WHAT TO PRODUCE: Below are the entries; give again exactly the lines from the one mentioning "Rustic accent cabinet" through the one mentioning "(a) shows the", inclusive.

TASK DATA:
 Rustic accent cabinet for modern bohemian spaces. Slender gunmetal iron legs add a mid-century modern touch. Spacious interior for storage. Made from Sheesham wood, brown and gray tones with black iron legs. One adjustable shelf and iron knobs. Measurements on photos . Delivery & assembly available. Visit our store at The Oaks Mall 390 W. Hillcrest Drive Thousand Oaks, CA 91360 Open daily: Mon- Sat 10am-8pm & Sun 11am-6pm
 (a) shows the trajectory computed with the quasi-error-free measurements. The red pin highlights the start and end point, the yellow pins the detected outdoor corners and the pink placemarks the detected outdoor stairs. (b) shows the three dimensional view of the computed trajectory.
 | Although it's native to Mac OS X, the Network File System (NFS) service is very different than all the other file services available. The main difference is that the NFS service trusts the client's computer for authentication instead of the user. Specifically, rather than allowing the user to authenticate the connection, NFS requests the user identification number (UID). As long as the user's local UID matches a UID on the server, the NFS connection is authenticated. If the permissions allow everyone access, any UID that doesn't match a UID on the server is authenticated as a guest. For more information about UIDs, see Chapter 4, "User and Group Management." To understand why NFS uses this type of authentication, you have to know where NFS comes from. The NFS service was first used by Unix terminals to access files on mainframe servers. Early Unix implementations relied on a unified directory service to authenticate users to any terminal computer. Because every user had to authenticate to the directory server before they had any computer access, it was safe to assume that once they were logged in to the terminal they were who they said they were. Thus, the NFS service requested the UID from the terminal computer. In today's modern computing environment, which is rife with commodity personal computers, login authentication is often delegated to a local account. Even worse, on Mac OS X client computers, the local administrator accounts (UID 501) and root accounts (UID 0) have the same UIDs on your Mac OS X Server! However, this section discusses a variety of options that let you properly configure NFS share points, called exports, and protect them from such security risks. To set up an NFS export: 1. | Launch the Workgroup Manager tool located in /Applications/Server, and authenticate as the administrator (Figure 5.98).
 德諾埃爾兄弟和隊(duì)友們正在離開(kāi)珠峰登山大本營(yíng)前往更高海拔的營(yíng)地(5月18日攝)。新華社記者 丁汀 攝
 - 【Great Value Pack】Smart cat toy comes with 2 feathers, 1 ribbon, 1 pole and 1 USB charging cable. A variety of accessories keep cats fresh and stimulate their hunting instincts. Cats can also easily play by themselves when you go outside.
--
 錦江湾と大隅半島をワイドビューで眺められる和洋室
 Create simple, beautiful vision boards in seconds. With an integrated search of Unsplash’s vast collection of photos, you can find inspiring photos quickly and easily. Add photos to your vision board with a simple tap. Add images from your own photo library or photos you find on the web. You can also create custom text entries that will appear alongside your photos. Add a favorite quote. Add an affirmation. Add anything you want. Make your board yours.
* * *
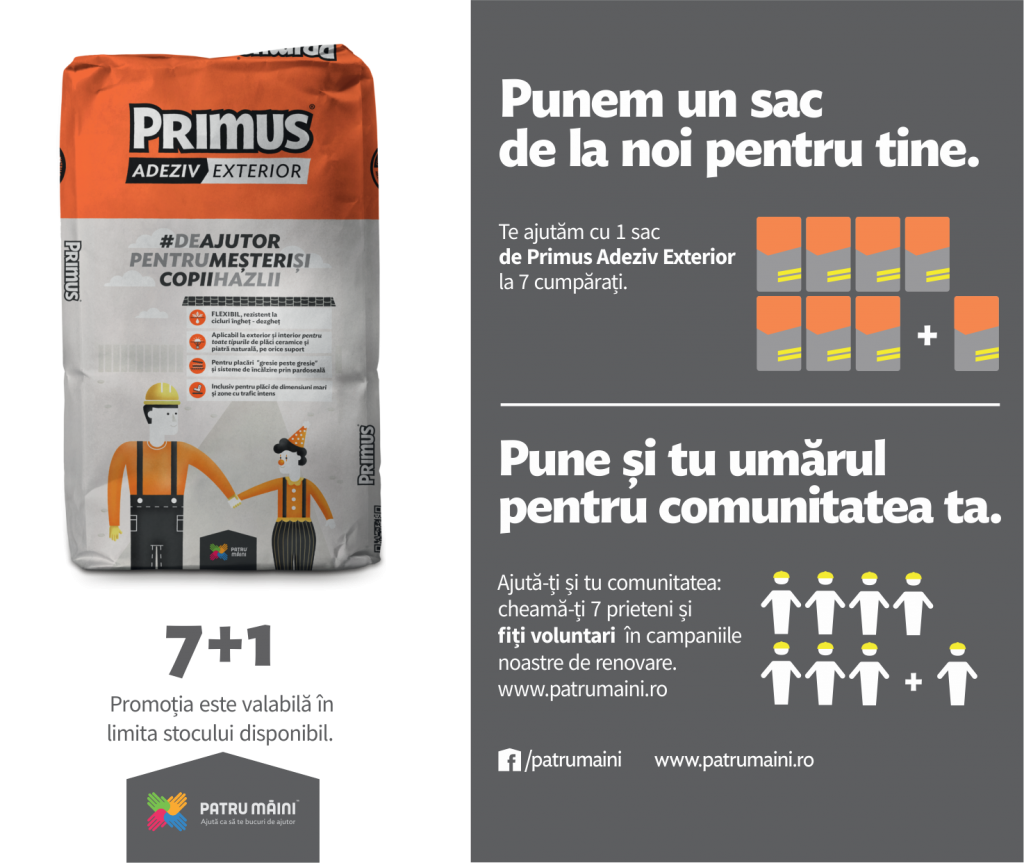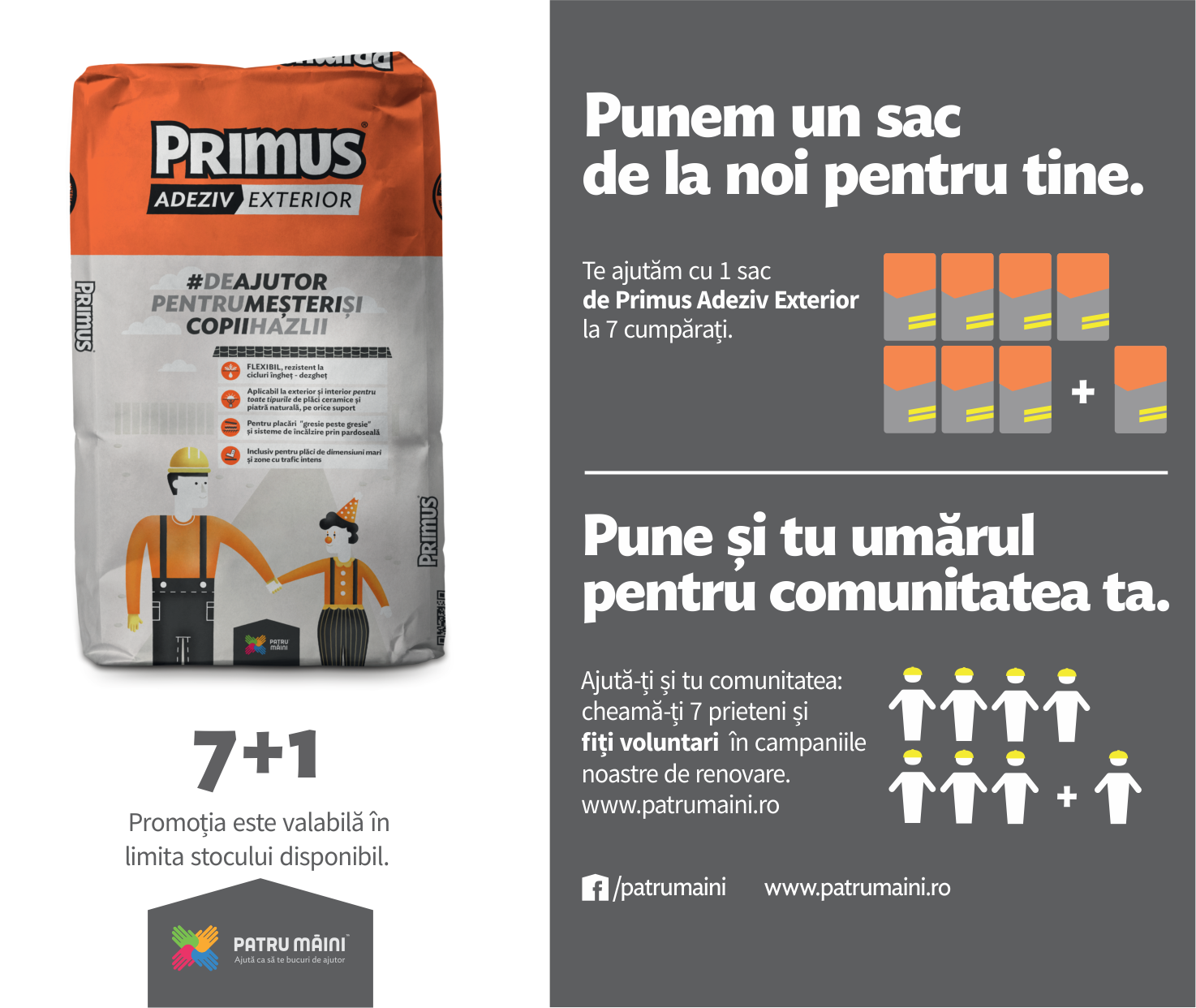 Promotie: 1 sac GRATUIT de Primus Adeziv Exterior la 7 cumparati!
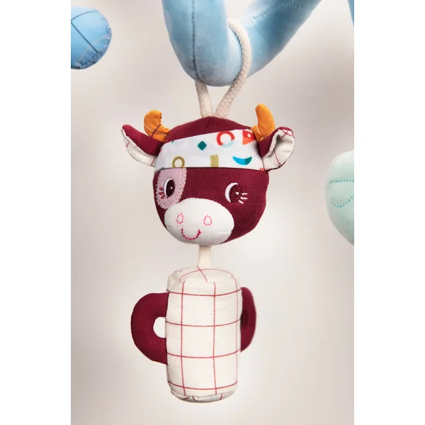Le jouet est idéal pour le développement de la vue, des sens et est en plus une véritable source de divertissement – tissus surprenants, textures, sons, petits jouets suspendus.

WRITTEN SOLUTION:
 Rustic accent cabinet for modern bohemian spaces. Slender gunmetal iron legs add a mid-century modern touch. Spacious interior for storage. Made from Sheesham wood, brown and gray tones with black iron legs. One adjustable shelf and iron knobs. Measurements on photos . Delivery & assembly available. Visit our store at The Oaks Mall 390 W. Hillcrest Drive Thousand Oaks, CA 91360 Open daily: Mon- Sat 10am-8pm & Sun 11am-6pm
 (a) shows the trajectory computed with the quasi-error-free measurements. The red pin highlights the start and end point, the yellow pins the detected outdoor corners and the pink placemarks the detected outdoor stairs. (b) shows the three dimensional view of the computed trajectory.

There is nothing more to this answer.